Data for the task:

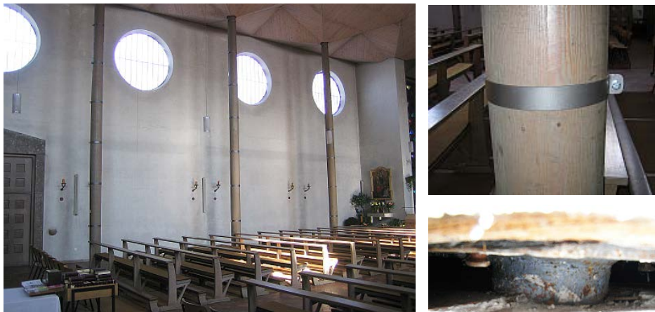
Abbildung 6. links: Innenansicht Kirche; rechts oben: Sanierung der Risse in einigen Holzstützen; rechts unten: Stützenauflager aus Stahl auf Betonfundament

Das Dach der Kirche liegt auf den Außenmauern und Rundstützen im Kircheninneren auf. Bei einer Begehung waren Risse in den Holzstützen auffällig, die daraufhin saniert wurden (Abbildung 6 rechts oben). Dabei stellte sich die Frage nach dem Aufbau der Stützen im Inneren, da visuell nur die runde Holzstütze und ein Stützenauflager aus Stahl auf dem Betonfundament zu sehen waren (Abbildung 6 rechts unten).
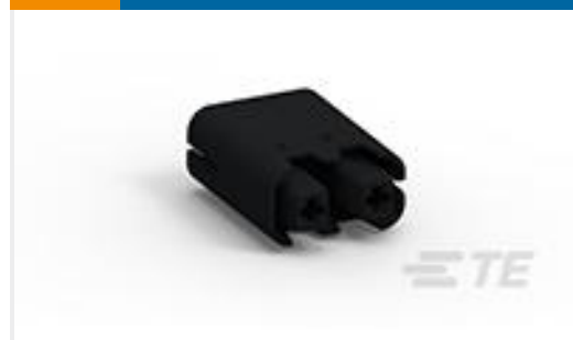
TE 产品编号1587977-2 INNER HOUSING, PLUG, HVA280- 2PHM, PASS T
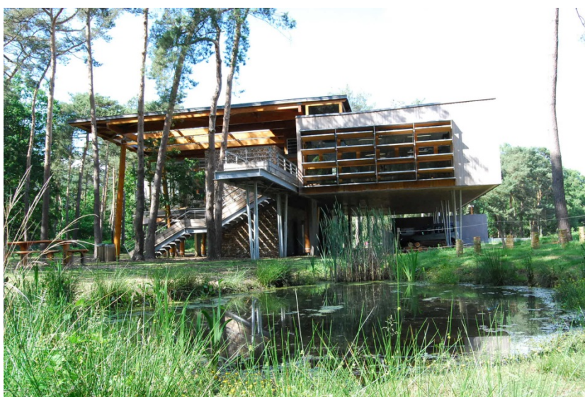
Maison des Forêts de Saint-Etienne-du-Rouvray

Plus d'infos : www.metropole-rouen-normandie.fr/maisons-des-forets-de-la-metropole
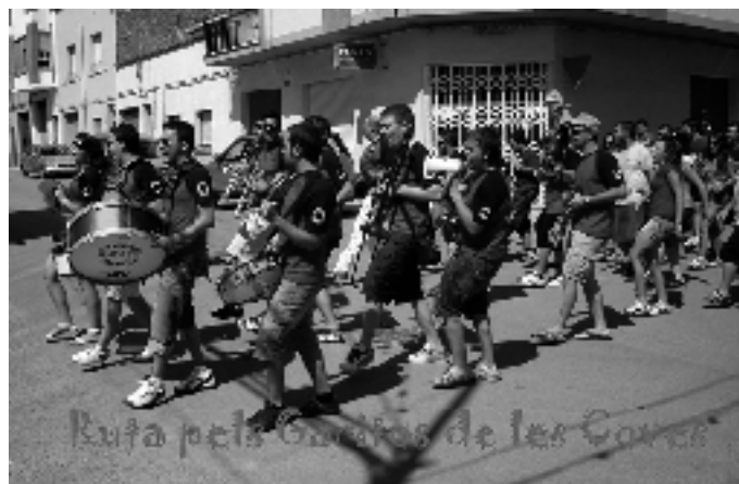
La Xaranga Local «Ximiraxa» va acompanyat als 150 joves que van esmorzar pel matí junts a la Pista de la Ravaleta. Després pegaren una volta pels Garitos de les Coves.
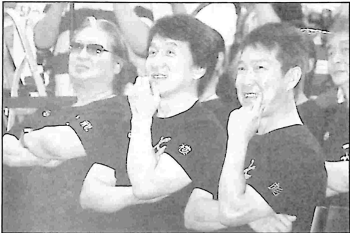
တစ်ချိန်က ယွမ်လုံ၊ ယွမ်လုတ်နဲ့ ယွမ်ပြောက် ဒီကနေ့မှာက ဟုန်ကျင်းပေါင်၊ ဂျက်ကီချန်းနဲ့ မပြောင်းလဲတဲ့ ယွမ်ပြောက်

ဘယ်နေ့မှာလဲမသိ ယွမ်ခွေ့နဲ့ ယွမ်ပြောက် သွေးသောက်ညီအစ်ကို လုပ်လိုက်ကြတယ်။ အသက်ဆယ့်သုံး ဆယ့်လေးနှစ်တုန်းက ကျွန်တော်တို့ ထိုင်ဝမ် မှာ ပွဲသွားကကြတယ်။ Yong He မြို့နယ်က ခေါင်မိုးထပ်တစ်ခုမှာ သုံးယောက်သား အရုပ်စာအုပ် ထိုင်ကြည့်ကြတယ်။ အရုပ်စာအုပ်ဆိုတာ အိတ်ဆောင်ကာတွန်း စာအုပ်လေးကို ခေါ်တာပါ။ စာအုပ်က ယွမ်ပြောက် စာအုပ်ပါ။ ကျွန်တော်ဖတ်တာ အရမ်းမြန်ပြီး အစဉ်တကျဖြစ်မဖြစ်ကိုလည်း ဂရုမစိုက်ပါဘူး။ ယွမ်ပြောက် ဖတ် ပြီးတာနဲ့ ကျွန်တော်ယူဖတ်တော့ ယွမ်ခွေ့က “ငါတို့နှစ်ယောက်က သွေးသောက် ညီအစ်ကိုလေ။ သူဖတ်ပြီးရင် ငါဖတ်အလှည့်ပဲ . . . နင့်အလှည့်မဟုတ်ဘူး။ ငါ့ကို အရင်ပေး” လို့ပြောတယ်။ ကျွန်တော်ကြားတော့ စိတ်တိုသွားပြီး သူလာလုတော့ ကျွန်တော် မပေးဘူး။ သူထပ်လုတဲ့အချိန် စာအုပ်ကို ကြမ်းပြင်ပေါ် ကျွန်တော် ပစ်ချလိုက်တယ်။ သူကောက်မယ်လုပ်တဲ့အချိန် စာအုပ်ကို ကျွန်တော် ကန်ထုတ်ပစ် လိုက်တယ်။ အဲဒီအခါ သူစိတ်တိုပြီး ကျွန်တော့်ကို လာထိုးတော့တယ်။ သူ ထိုးလိုက် တဲ့အချိန် ကျွန်တော်ရှောင်ပြီး သူ့ကိုတစ်ချက် ထိုးချလိုက်တယ်။

Activity:
No pictures belong in the copy. Repeat the listing above exactly.

Output below:
Abbildung 6. links: Innenansicht Kirche; rechts oben: Sanierung der Risse in einigen Holzstützen; rechts unten: Stützenauflager aus Stahl auf Betonfundament

Das Dach der Kirche liegt auf den Außenmauern und Rundstützen im Kircheninneren auf. Bei einer Begehung waren Risse in den Holzstützen auffällig, die daraufhin saniert wurden (Abbildung 6 rechts oben). Dabei stellte sich die Frage nach dem Aufbau der Stützen im Inneren, da visuell nur die runde Holzstütze und ein Stützenauflager aus Stahl auf dem Betonfundament zu sehen waren (Abbildung 6 rechts unten).
TE 产品编号1587977-2 INNER HOUSING, PLUG, HVA280- 2PHM, PASS T
Maison des Forêts de Saint-Etienne-du-Rouvray

Plus d'infos : www.metropole-rouen-normandie.fr/maisons-des-forets-de-la-metropole
La Xaranga Local «Ximiraxa» va acompanyat als 150 joves que van esmorzar pel matí junts a la Pista de la Ravaleta. Després pegaren una volta pels Garitos de les Coves.
တစ်ချိန်က ယွမ်လုံ၊ ယွမ်လုတ်နဲ့ ယွမ်ပြောက် ဒီကနေ့မှာက ဟုန်ကျင်းပေါင်၊ ဂျက်ကီချန်းနဲ့ မပြောင်းလဲတဲ့ ယွမ်ပြောက်

ဘယ်နေ့မှာလဲမသိ ယွမ်ခွေ့နဲ့ ယွမ်ပြောက် သွေးသောက်ညီအစ်ကို လုပ်လိုက်ကြတယ်။ အသက်ဆယ့်သုံး ဆယ့်လေးနှစ်တုန်းက ကျွန်တော်တို့ ထိုင်ဝမ် မှာ ပွဲသွားကကြတယ်။ Yong He မြို့နယ်က ခေါင်မိုးထပ်တစ်ခုမှာ သုံးယောက်သား အရုပ်စာအုပ် ထိုင်ကြည့်ကြတယ်။ အရုပ်စာအုပ်ဆိုတာ အိတ်ဆောင်ကာတွန်း စာအုပ်လေးကို ခေါ်တာပါ။ စာအုပ်က ယွမ်ပြောက် စာအုပ်ပါ။ ကျွန်တော်ဖတ်တာ အရမ်းမြန်ပြီး အစဉ်တကျဖြစ်မဖြစ်ကိုလည်း ဂရုမစိုက်ပါဘူး။ ယွမ်ပြောက် ဖတ် ပြီးတာနဲ့ ကျွန်တော်ယူဖတ်တော့ ယွမ်ခွေ့က “ငါတို့နှစ်ယောက်က သွေးသောက် ညီအစ်ကိုလေ။ သူဖတ်ပြီးရင် ငါဖတ်အလှည့်ပဲ . . . နင့်အလှည့်မဟုတ်ဘူး။ ငါ့ကို အရင်ပေး” လို့ပြောတယ်။ ကျွန်တော်ကြားတော့ စိတ်တိုသွားပြီး သူလာလုတော့ ကျွန်တော် မပေးဘူး။ သူထပ်လုတဲ့အချိန် စာအုပ်ကို ကြမ်းပြင်ပေါ် ကျွန်တော် ပစ်ချလိုက်တယ်။ သူကောက်မယ်လုပ်တဲ့အချိန် စာအုပ်ကို ကျွန်တော် ကန်ထုတ်ပစ် လိုက်တယ်။ အဲဒီအခါ သူစိတ်တိုပြီး ကျွန်တော့်ကို လာထိုးတော့တယ်။ သူ ထိုးလိုက် တဲ့အချိန် ကျွန်တော်ရှောင်ပြီး သူ့ကိုတစ်ချက် ထိုးချလိုက်တယ်။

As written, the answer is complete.